Fausto Servadio torna in “pista”

Con Italia Viva di Matteo Renzi

Un Servadio determinato a tornare protagonista della vita politica della città quello che, dopo aver annunciato il suo ingresso al nuovo movimento politico di Matteo Renzi, si appresta a prendere in mano le redini di Italia Viva a Velletri. Una scelta, quella di Fausto Servadio, che non desta sorprese dal momento che fu tra i primi a sostenere il messaggio politico innovativo dell’ex sindaco di Firenze: ROTTAMARE PER RICOSTRUIRE. Era il momento di dare vita ad un nuovo soggetto politico che sapesse interpretare le trasformazioni che stavano cambiando lo scenario politico nazionale e internazionale.

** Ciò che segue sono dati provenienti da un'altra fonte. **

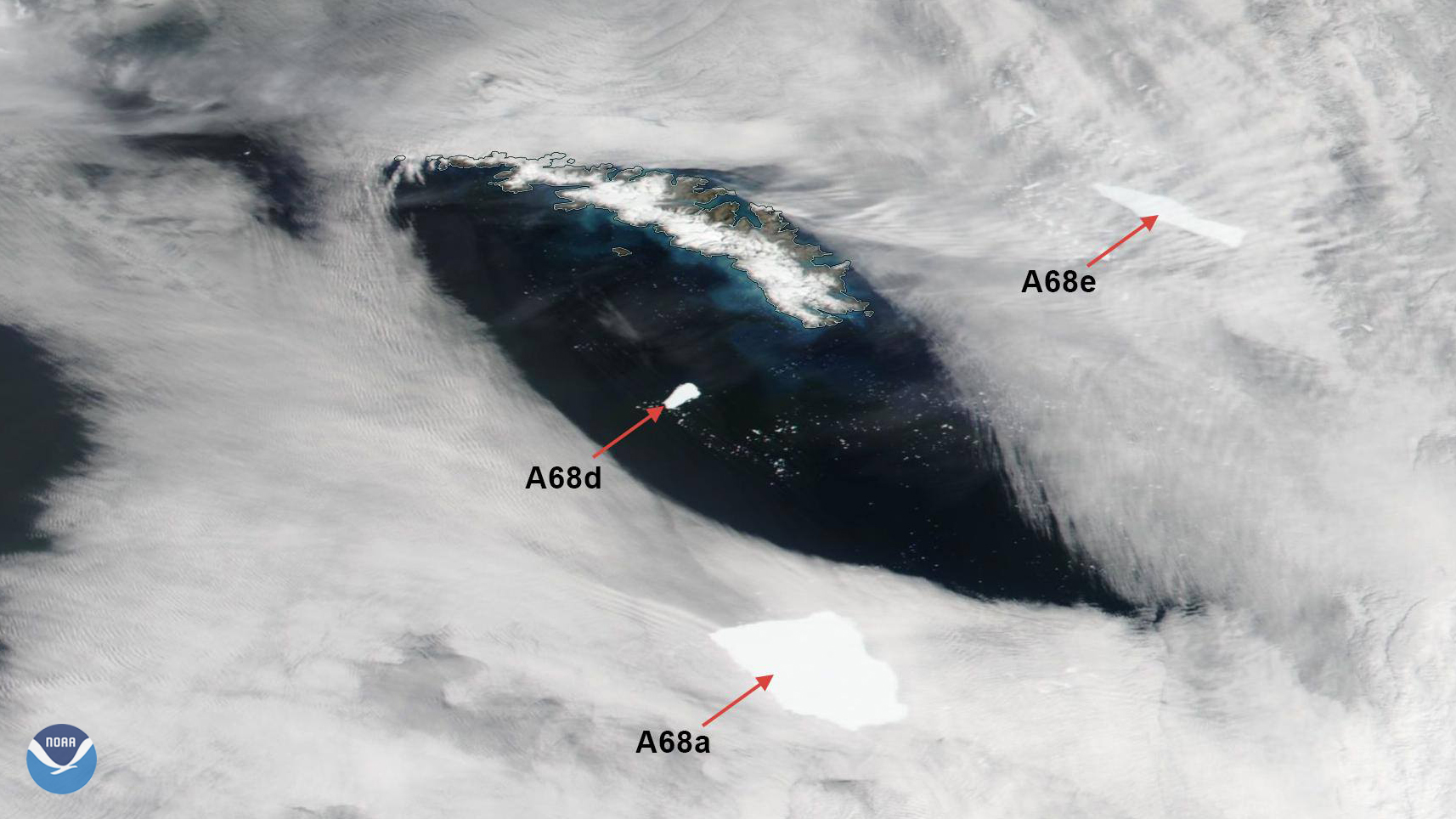 On Jan. 11, 2021, the NOAA-20 satellite viewed icebergs A-68A, A-68D, and A-68E move around South Georgia Island.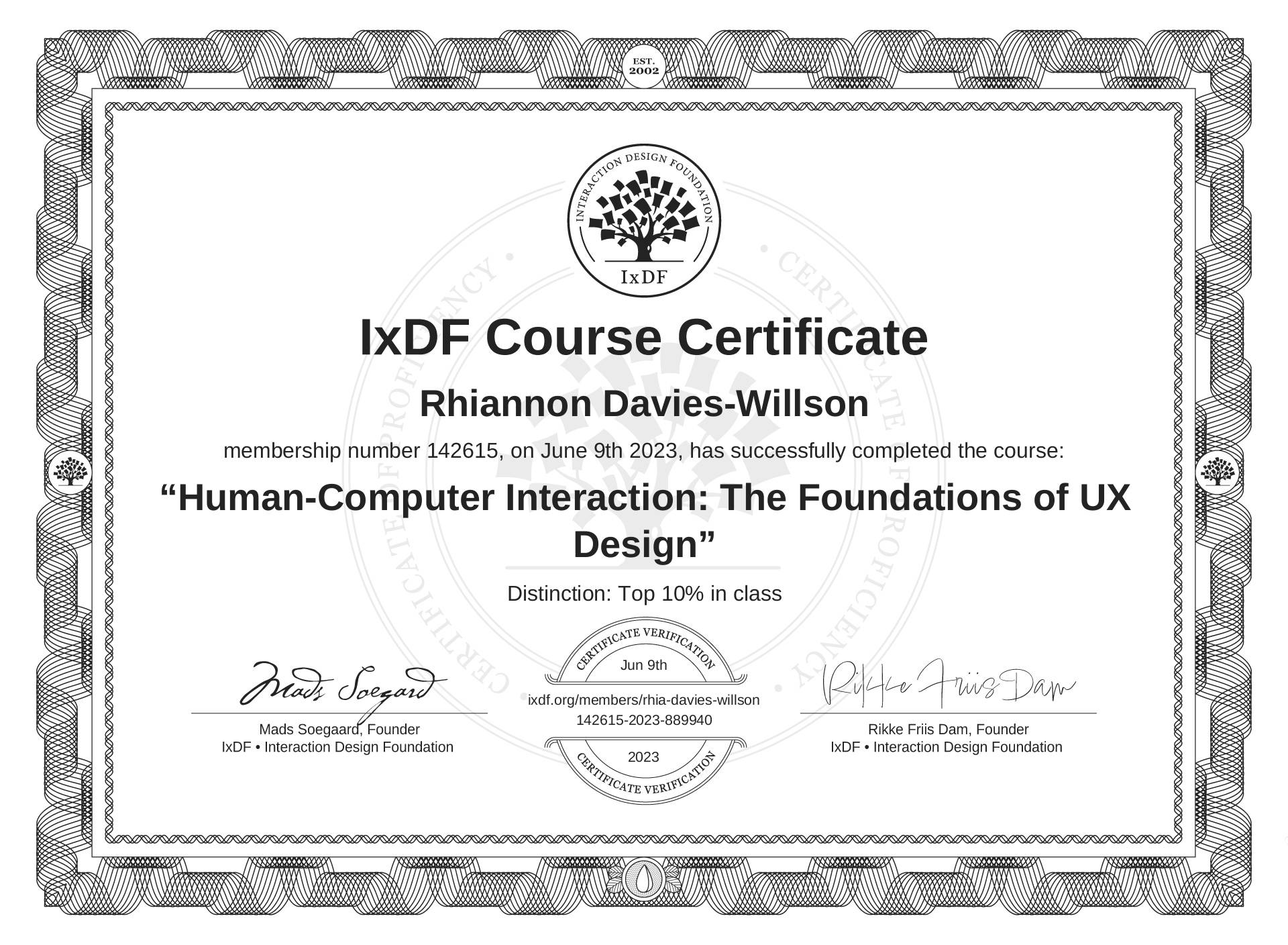 The IxDF Course Certificate (ID #fd21f7e2-3d8d-4457-86e9-47b9c3df7bcd) above is awarded to Rhiannon Davies-Willson with a Top 10% Distinction in formal recognition of their coursework surpassing the rigorous benchmarks of exceptional performance established by the IxDF Educational Codex. View Course Curriculum.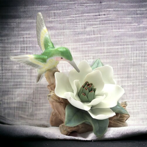 Ceramic Hummingbird with Magnolia Flower Figurine, Home Décor, Gift for Her, Gift for Mom, Kitchen Décor, Birdwatcher Gift, Vintage Decor

     <<Sono stato il primo Sindaco renziano del Lazio – ha dichiarato Servadio – e ho sempre sostenuto a spada tratta le idee di Matteo Renzi, apprezzandone lo spirito e i contenuti. Per questo mi sento di poter aderire con entusiasmo a questo nuovo progetto politico e lo faccio in maniera convinta, impegnandomi a sostenerlo. Lo faccio soprattutto per le nuove generazioni, visto che la nuova formazione politica mi restituisce quella carica e fiducia per credere in un futuro migliore. Lo faccio per contribuire a creare qualcosa di diverso rispetto a quanto la politica sta producendo negli ultimi tempi, irretita da correnti e fazioni ben lontane dai problemi quotidiani dei cittadini. A breve ci saranno incontri coi vertici nazionali, dai quali potremmo ascoltare meglio i cardini del progetto e contribuire direttamente a forgiarlo. Ci sono state tante persone che in questo periodo mi hanno chiesto cosa avrei fatto e a loro posso finalmente rispondere che io ci sono e sono con Italia Viva, con tutta la determinazione e la buona volontà di chi vuole mettersi a disposizione per il bene della collettività. Non è certo questo il momento di parlare di incarichi, perché quella che nasce è una struttura fatta per dare, e non per chiedere, sorta per dare un sostegno alle persone volenterose, per il bene della comunità. In un contesto del genere chiunque vorrà avvicinarsi potrà farlo, dando il proprio contributo, all’insegna di una politica diversa>>.

A Velletri Italia Viva ha già raccolto importanti adesioni, la consigliera comunale Paola De Marchis e l’ex segretario del Pd veliterno Gianfranco Cestrilli, e a breve altre si aggiungeranno. Secondo indiscrezioni potrebbe salire addirittura a cinque il numero dei consiglieri comunali pronti a passare con Matteo Renzi. Per Fausto Servadio si tratta di una sorta di rivincita dopo la sua estromissione da qualsiasi tipo di incarico dopo la grande vittoria del giugno 2018, alla quale non era venuto meno il suo contributo, e che non gli permise di mantenere la presidenza dell’ANCI Lazio ricoperta per quasi cinque anni.  

<<Anche io mi sono sentito trattato come Renzi e capisco la sua voglia di dimostrare che le sue idee erano valide e possono davvero cambiare, in meglio, la nostra Italia e tutti i territori, compreso il nostro. Ero stufo delle liti, della politica portata avanti all’insegna dell’uno contro l’altro, senza che nessuno riuscisse più a mettersi insieme per fare qualcosa di positivo. Io, da sempre, rivendico la bontà di molte azioni fatte dal Governo Renzi e, a seguire, da quello Gentiloni e mi è venuto spontaneo e naturale aderire a questo progetto. Anche io da imprenditore, mi sono sempre sentito una parte del partito contro, come se avessi occupato spazi che non erano miei. Mi hanno dato del decisionista, quasi fosse un’offesa, ma senza la determinazione non avrei fatto nulla di quanto di buono e bello è stato fatto per Velletri. Decisionismo e senso di responsabilità possono e debbono andare di pari passo, cosa che purtroppo oggi non sta avvenendo a Velletri”.

Per Fausto Servadio si apre un nuovo capitolo con la possibilità di mettere a disposizione tutta la sua esperienza e tutta la sua determinazione all’interno di Italia Viva, il nuovo movimento politico del quale avrà la responsabilità di recitare un ruolo-guida.

 << Saprò guardare al futuro senza rinnegare nulla di quanto è stato. Tutto quel che ho fatto l’ho fatto per il bene del partito che rappresentavo e della mia città, e rifarei tutto, ancora una volta. Ma non si può negare come a livello locale il Partito Democratico non abbia saputo dare continuità ai progetti che erano stati promessi in campagna elettorale e sulla base dei quali anche io mi ero speso. Ciononostante, lo ribadisco ancora una volta, non rinnego nulla di quanto è stato, e ringrazio comunque tutti per l’affetto e il sostegno ricevuto in questi anni>>.